Abstract

Background. Colorectal cancer (CRC) has been the 3rd most commonly malignant tumor of the gastrointestinal tract in the world. 5-Methylcytosine (m5C) and long noncoding RNAs (lncRNAs) have an essential role in predicting the prognosis and immune response for CRC patients. Therefore, we built a m5C-related lncRNA (m5CRlncRNA) model to investigate the prognosis and treatment methods for CRC patients. Methods. Firstly, we secured the transcriptome and clinical data for CRC from The Cancer Genome Atlas (TCGA). Then, m5CRlncRNAs were recognized by coexpression analysis. Then, univariate Cox, least absolute shrinkage and selection operator (LASSO), and multivariate Cox regression analyses were utilized to build m5C-related prognostic characteristics. Besides, Kaplan-Meier analysis, ROC, PCA, -index, enrichment analysis, and nomogram were performed to investigate the model. Additionally, immunotherapy responses and antitumor medicines were explored for CRC patients. Results. A total of 8 m5C-related lncRNAs (AC093157.1, LINC00513, AC025171.4, AC090948.2, ZEB1-AS1, AC109449.1, AC009041.3, and LINC02516) were adopted to construct a risk model to investigate survival and prognosis for CRC patients. CRC samples were separated into low- and high-risk groups, with the latter having a worse prognosis. The m5C-related lncRNA model helps us to better distinguish immunotherapy responses and IC50 of antitumor medicines in different groups of CRC patients. Conclusion. The research may give new perspectives on tailored therapy approaches as well as novel theories for forecasting the prognosis of CRC patients.

1. Introduction

In terms of cancer-related deaths, colorectal cancer (CRC) is the third most frequent malignant tumor worldwide [1]. The recent epidemiological surveys showed that CRC contributes to 10% of all diagnosed cancers and 9.4% of cancer-related deaths [2]. The high incidence and low survival rate of CRC imposed a heavy economic burden and enormous public health pressure on the government. At present, the main clinical treatment strategies for CRC include surgery, chemotherapy, and radiotherapy, but with poor prognosis, easy recurrence, and significant side effects [3]. In order to better understand CRC, it is urgently needed to select key CRC-related genes, elucidate the potential pathogenesis of CRC, and develop novel diagnostic and therapeutic strategies for CRC.

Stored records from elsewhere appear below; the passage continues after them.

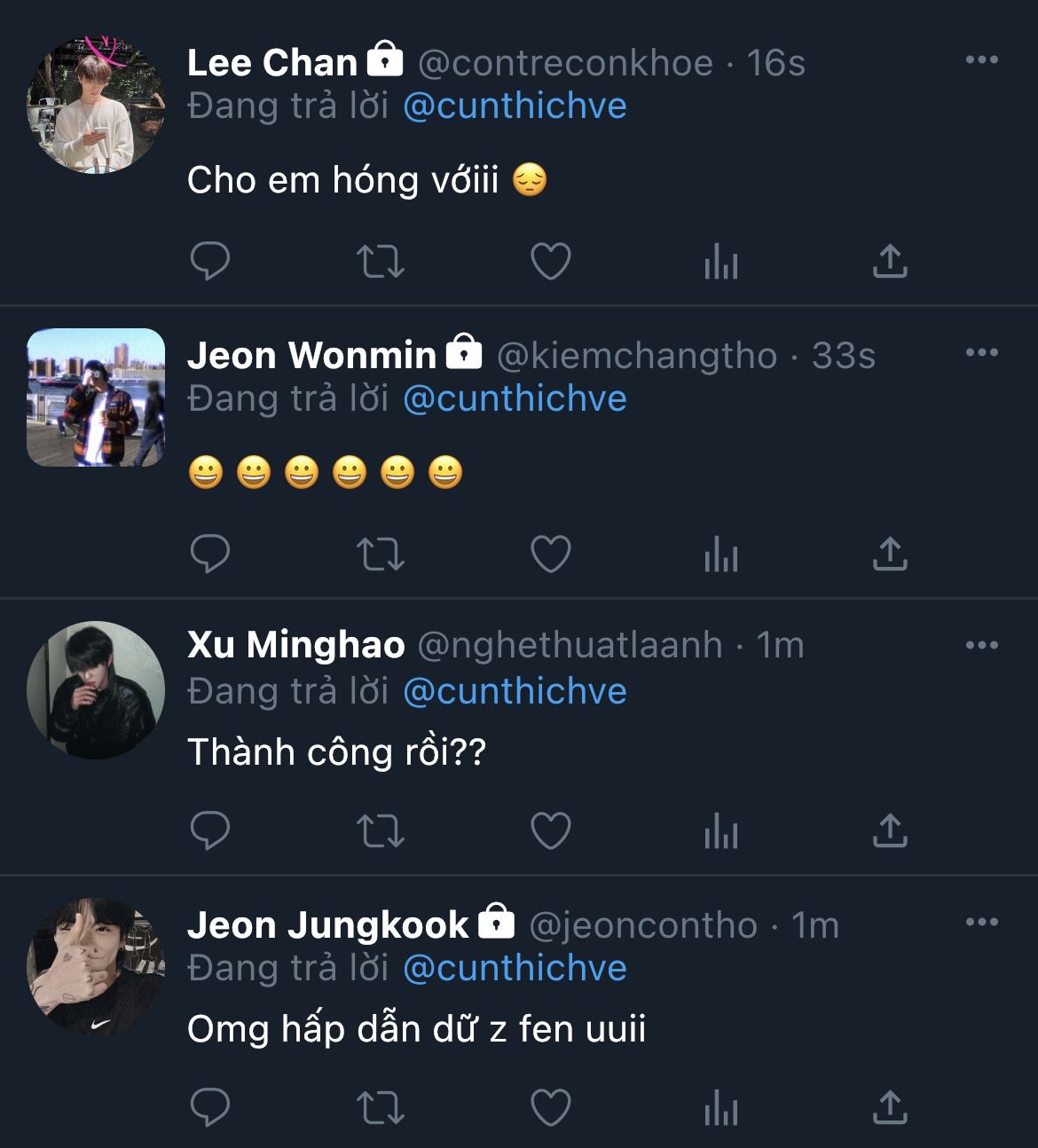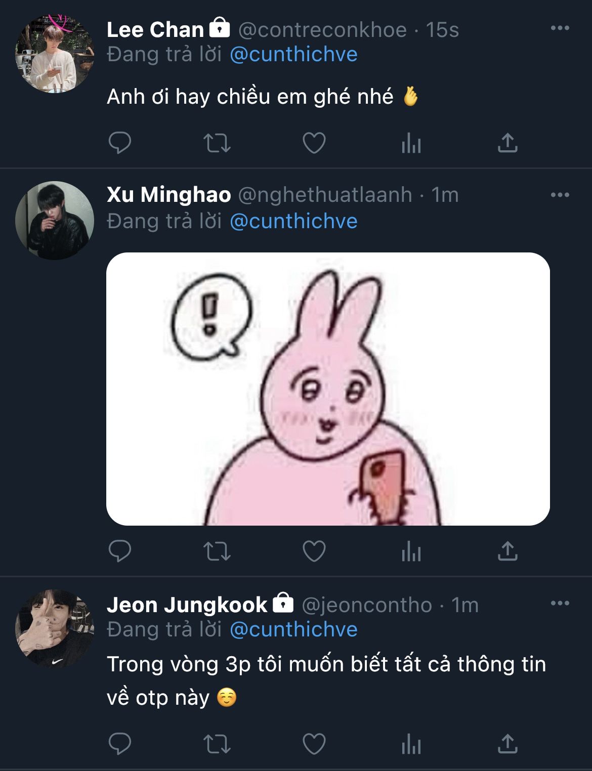 Nhưng chưa kịp để cậu nói thêm câu nào, Seokmin đã chớp mắt... rồi tròn mắt ngạc nhiên: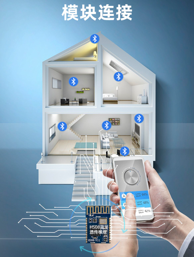 HS08蓝牙透传模组支持低功耗蓝牙5.2小体积无线透 传数据模块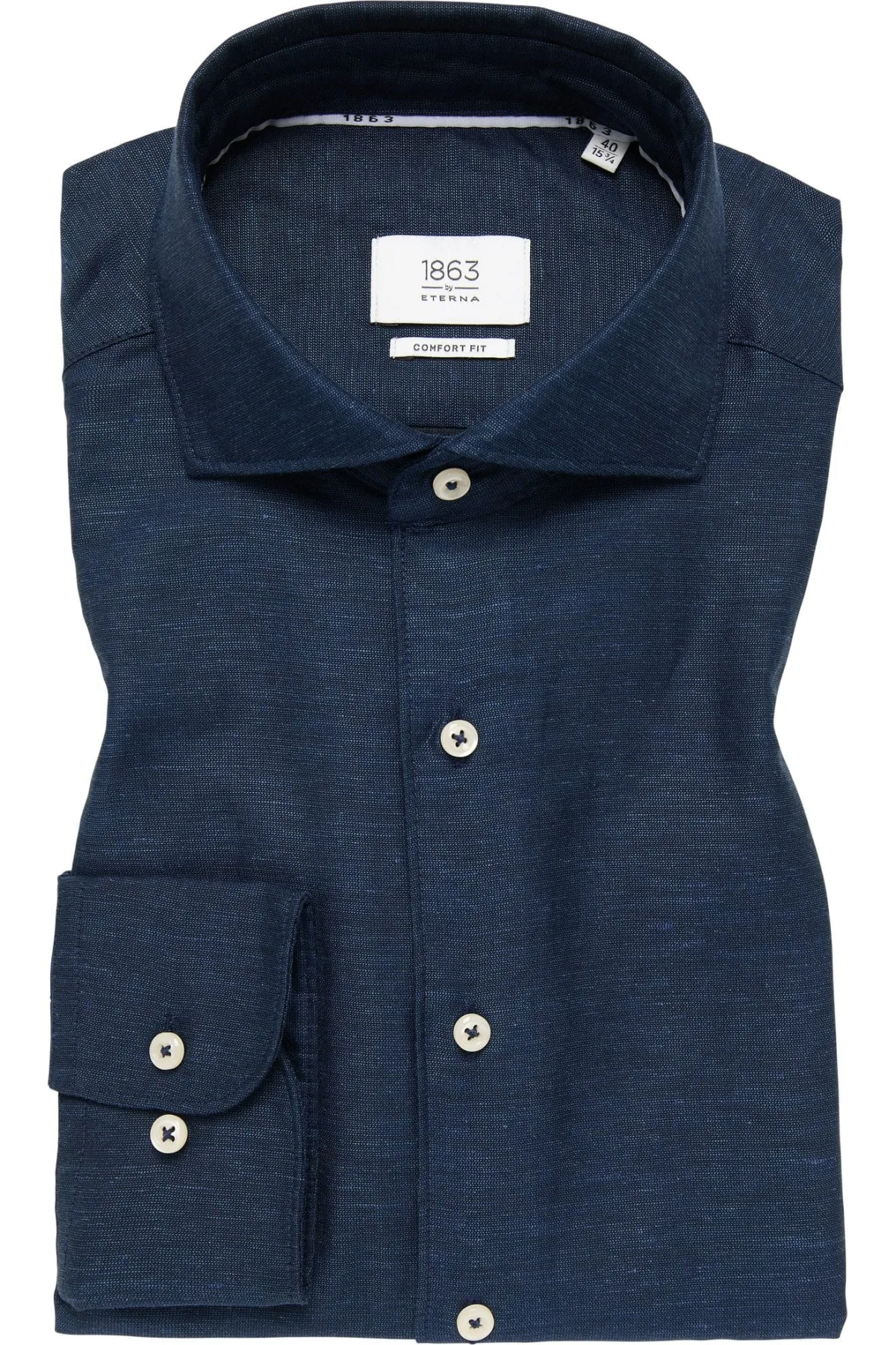 ETERNA 1863 Linnen Overhemd marine, Effen

Numerous studies have found that RNA modifications in epigenetic changes are intimately related to the progression of different types of tumors [4, 5]. At present, more than 150 RNA modifications have been recognized, such as N1-methyladenosine (m1A), 5-methylcytosine (m5C), N6-methyladenosine (m6A), 7-methylguanosine (m7G), microRNA, and long noncoding RNA (lncRNA) [6]. With the in-depth study of RNA modification, m5C has received increasing attention from scholars around the world. As a widespread RNA modification of noncoding and coding RNAs, m5C has a crucial function in the regulation of physiological and pathological processes in the organism [7]. A study demonstrated that m5C regulators were linked to the occurrence and progression of cancer [8]. In bladder cancer, the m5C modification writer NSUN2 modulates HDGF expression in a m5C-dependent manner in order to promote cancer development [9].

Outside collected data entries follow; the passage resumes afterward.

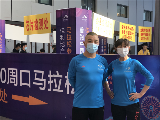 活動現(xiàn)場前來領(lǐng)取賽前裝備的人源源不斷,有的是朋友結(jié)伴而來,有的趁工作間隙而來,還有的帶著孩子前來,十分熱鬧。王勝利先生今年是第四次參加周口馬拉松賽了,他說:“2017年我跑了5小時30分,2018年是4小時28分,2019年跑了4小時17分,通過這幾年堅(jiān)持不懈地鍛煉,今年我想爭取跑到4個小時以內(nèi),不跟別人比,主要是不斷地自我超越!”今年的周口馬拉松賽還吸引了許多“都市麗人”參加,劉女士就是其中一員,“我今年36歲了,平時就非常喜愛健身、長跑,今年是我第一次報(bào)名參加馬拉松賽,希望能夠挑戰(zhàn)自己。”她告訴記者。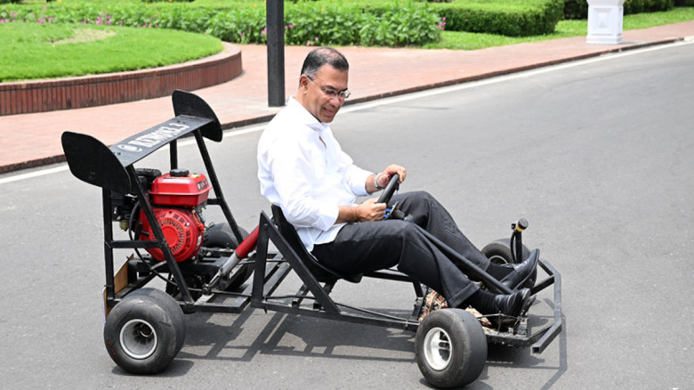 শিক্ষার্থীর তৈরি গো-কার্ট চালালেন প্রধানমন্ত্রী।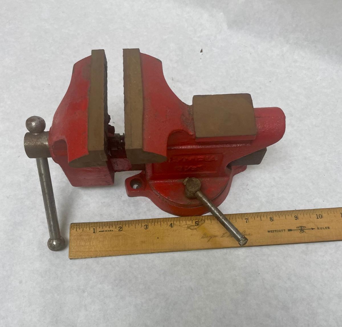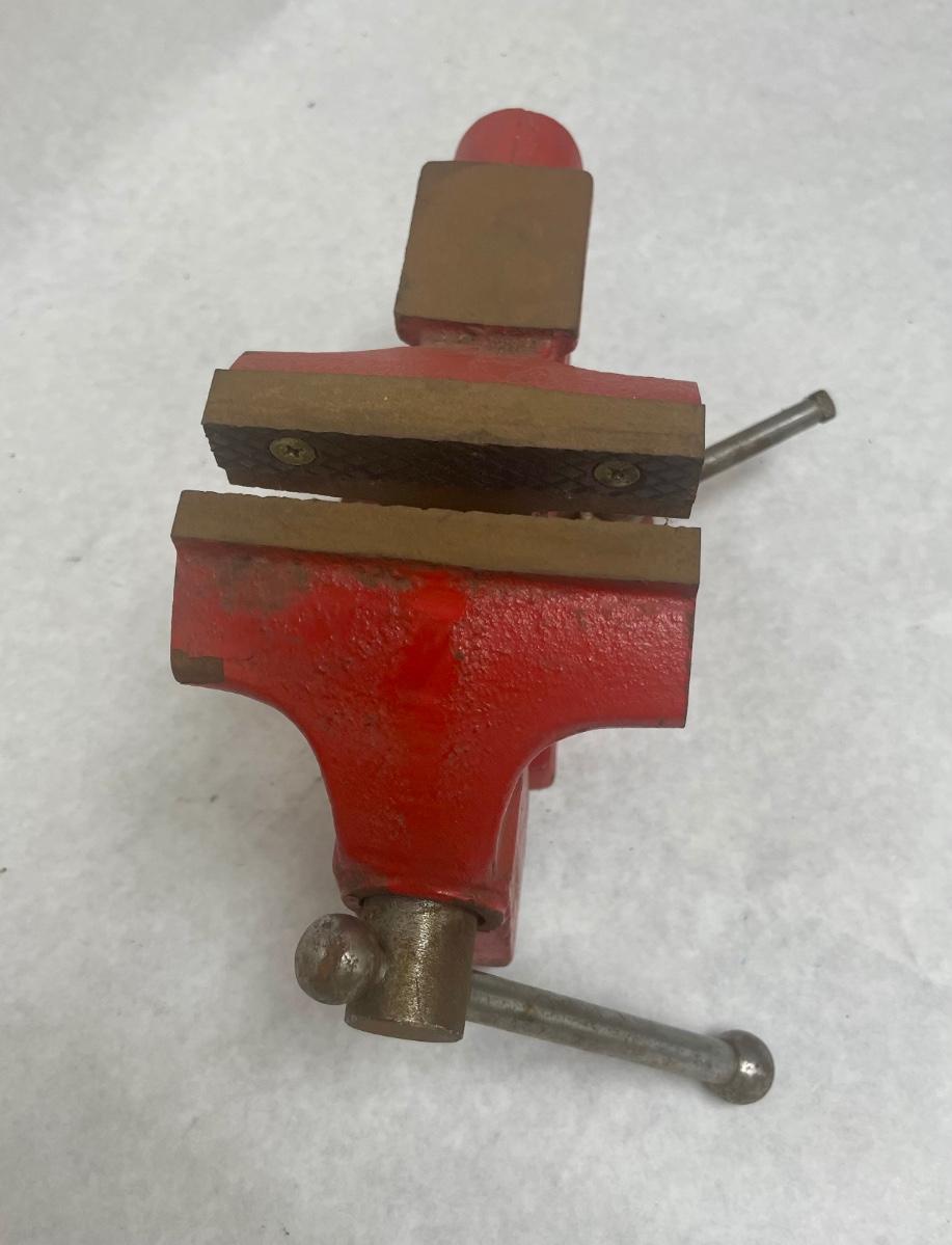 Heavy hardened steel vice. 3 1/2" jaws, swivel base. Slight surface rust but otherwise in very good condition.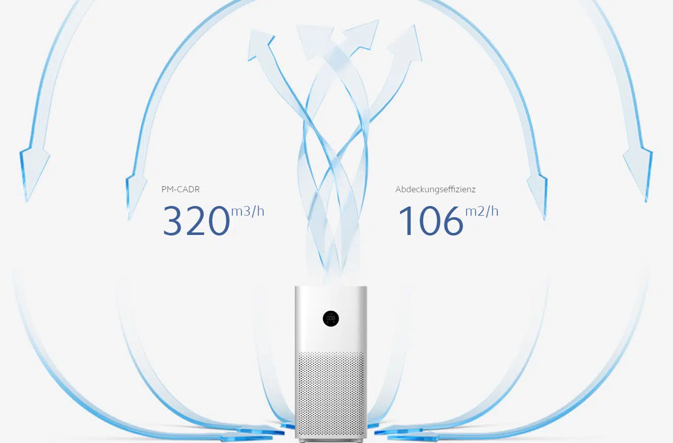 Der Xiaomi Mi Luftreiniger 3C hat eine Größe von Xiaomi 24 x 24 x 52 cm und ist damit relativ klein und sollte dadurch nicht zu viel Platz einnehmen. Das Gerät selbst soll laut Herstellerangaben für Räume von bis zu 37 m² ausreichen. Die Luftreinigungsrate beträgt technisch gesehen bis zu 320 m³/h.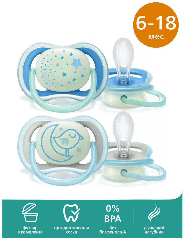 Успокойте своего малыша с помощью пустышки, которая позволяет коже дышать. Пустышка Philips Avent Ultra air имеет большие вентиляционные отверстия, поддерживающие сухость кожи. Легкий нагубник обеспечивает максимальный поток воздуха. Кроме того, на пустышке есть светящаяся в темноте кнопка, которая позволяет найти пустышку при выключенном свете. В комплекте с пустышкой Philips Avent ultra air night идет футляр для хранения и стерилизации. В целях гигиены и безопасности заменяйте пустышки каждые 4 недели.
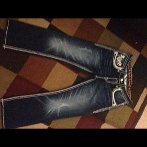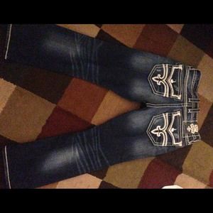 They are BRAND NEW rock revivals never been worn got them for my boyfriend and he said he liked them but they were too big and he never told me so I took off the tags but they were too big! There very nice, dark wash, they look even better in person too!
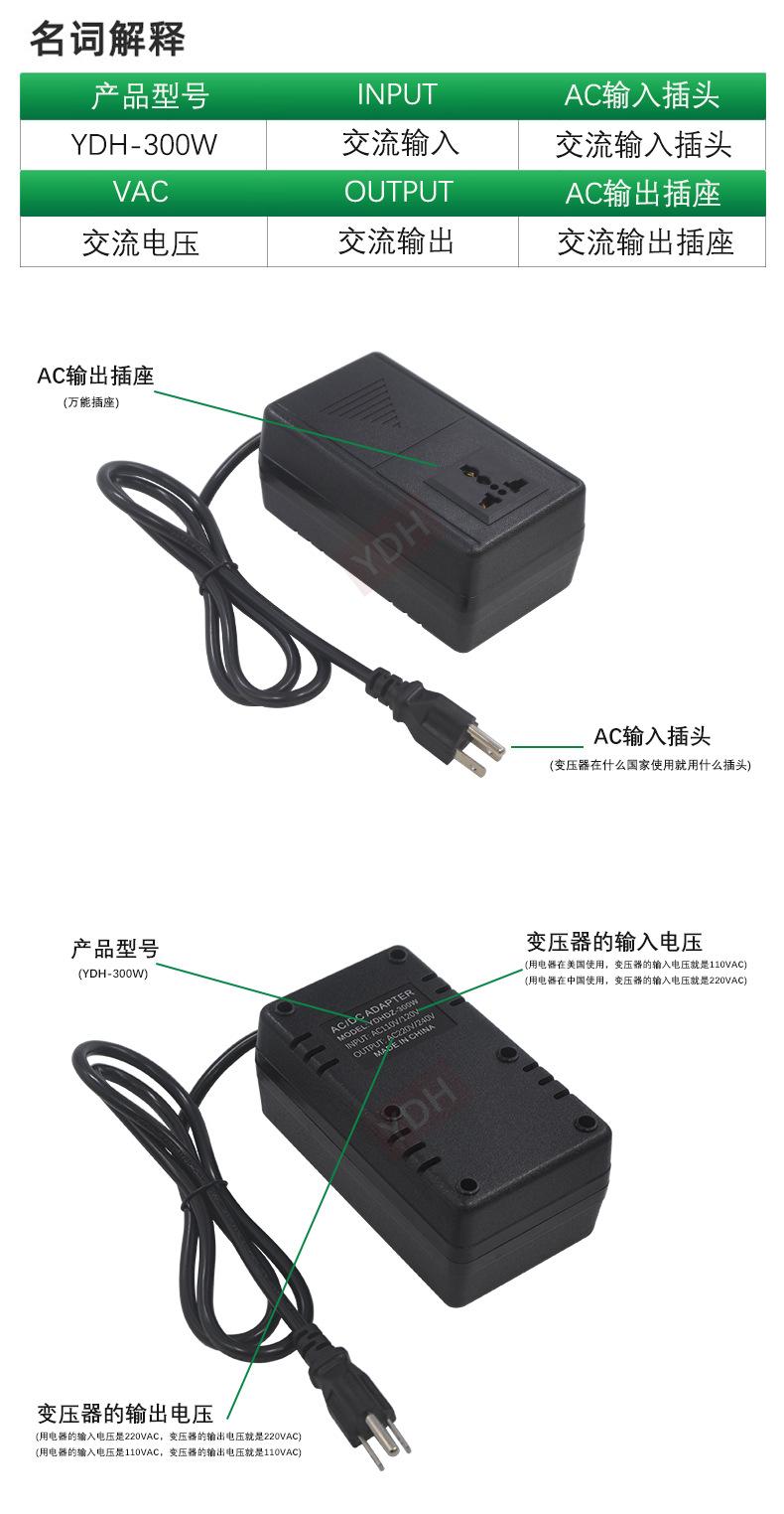 Transformador de viaje de 300 W Transformador de voltaje de 220 V a 110 V Transformador de potencia de 110 V a 220 V

lncRNA is the nonprotein-coding RNA fraction of over 200 nucleotides in length that cannot be translated into protein [10]. It has been shown that RNA methylation of lncRNAs could impact cancer progression [11]. With the advancement of sequencing technology, m5C was found to be extensively distributed in lncRNAs. However, the utility of m5C in lncRNAs is still uncertain. Therefore, identifying m5C-related lncRNAs (m5CRlncRNAs) in CRC pathogenesis may help provide a rational basis for targeted therapy and prognosis.

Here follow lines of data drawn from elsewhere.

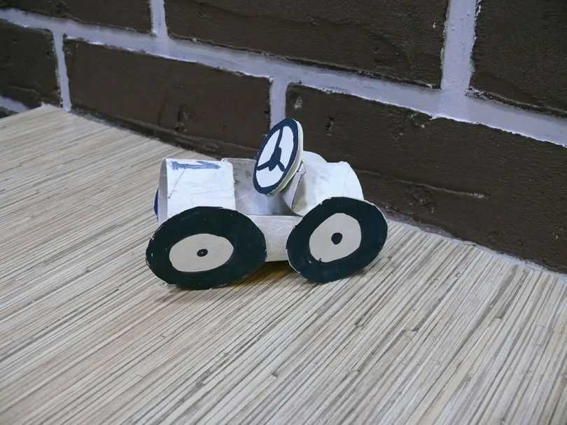 Малышу можно предложить сделать собственную машину, для этого нужно вырезать из втулки небольшое отверстие сверху, будущее место для водителя, окрасить в интересный цвет, после чего приклеить с обеих сторон колеса из картона и руль.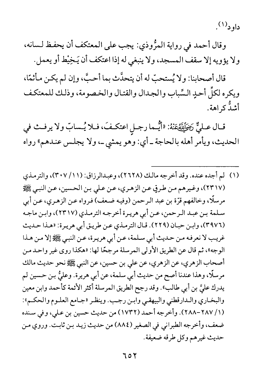 قال عليٌّ - رضي الله عنه -: «أيُّما رجلٍ اعتكفَ، فلا يُسابّ ولا يرفث في الحديث، ويأمر أهله بالحاجة ــ أي: وهو يمشي ــ، ولا يجلس عندهم» رواه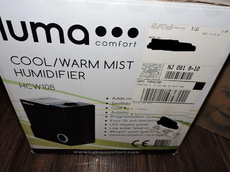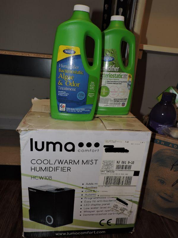 Luma Cool/Warm Mist Humidifier HCW10B and 2 partial bottles of algae & odor treatment. **Please read Terms and Conditions before placing a bid. Pick up is Thursday, August 15, 2019 from 4pm to 7pm or Sunday, August 18 from 11am-2pm in Mullica Hill. All sales are final. All sales are as is, where is. Please review all photos. Any props included in photos are not included in listing. All measurements are approximate.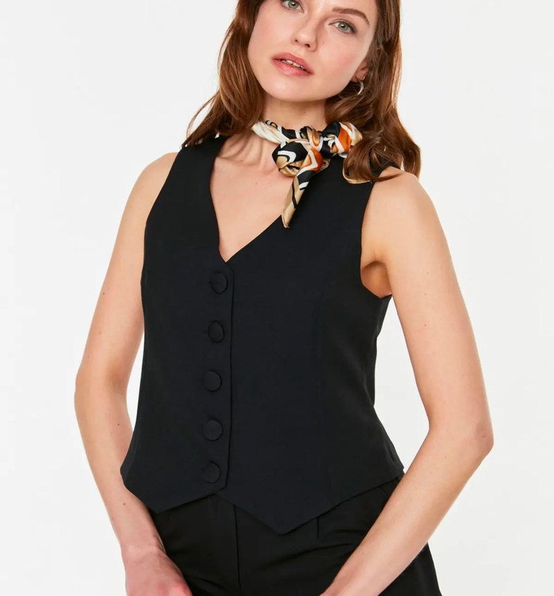 Siyah Fitted düğmeli , Crop dokuma , V Yakalı Kadın Yelek
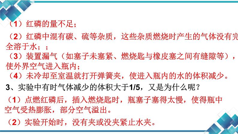 (3)装置漏气(如塞子未塞紧、燃烧匙与橡皮塞之间有缝隙等),使外界空气进入瓶内;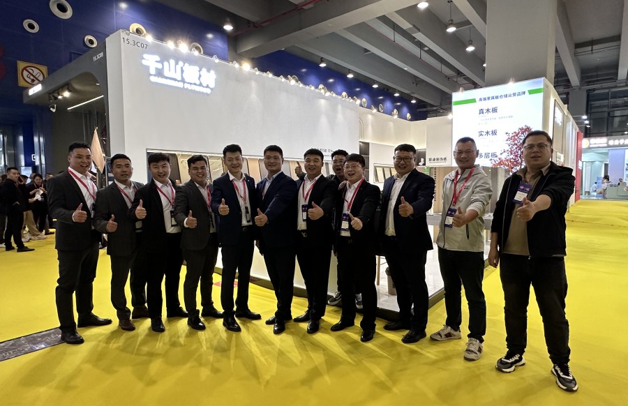 千山家具板憑借高品質、高顏值、高環保的產品特點在展會上大放異彩,展位人頭攢動,十分熱鬧!觀展來訪客戶紛紛對千山產品表示贊賞和支持。

In this study, bioinformatics analysis was used to examine the potential contribution of m5CRlncRNAs to CRC. The Cancer Genome Atlas was used to obtain a database of m5C genes and lncRNAs (TCGA). Then, using Pearson’s correlation analysis, we were able to identify the m5CRlncRNA. Additionally, a brand-new risk model for the m5CRlncRNA was developed to forecast overall survival (OS) in CRC patients. We also created a nomogram incorporating clinical data to predict the overall survival of CRC patients. Finally, we looked for the connection between immunotherapy responses.

2. Materials and Methods

2.1. Data Acquisition

TCGA database was utilized to retrieve RNA transcriptome data, relevant clinical information, and mutation data from CRC samples. We used the R package to process the downloaded files. To reduce statistical bias, we excluded CRC patients with absent OS values and short OS values (<30 days).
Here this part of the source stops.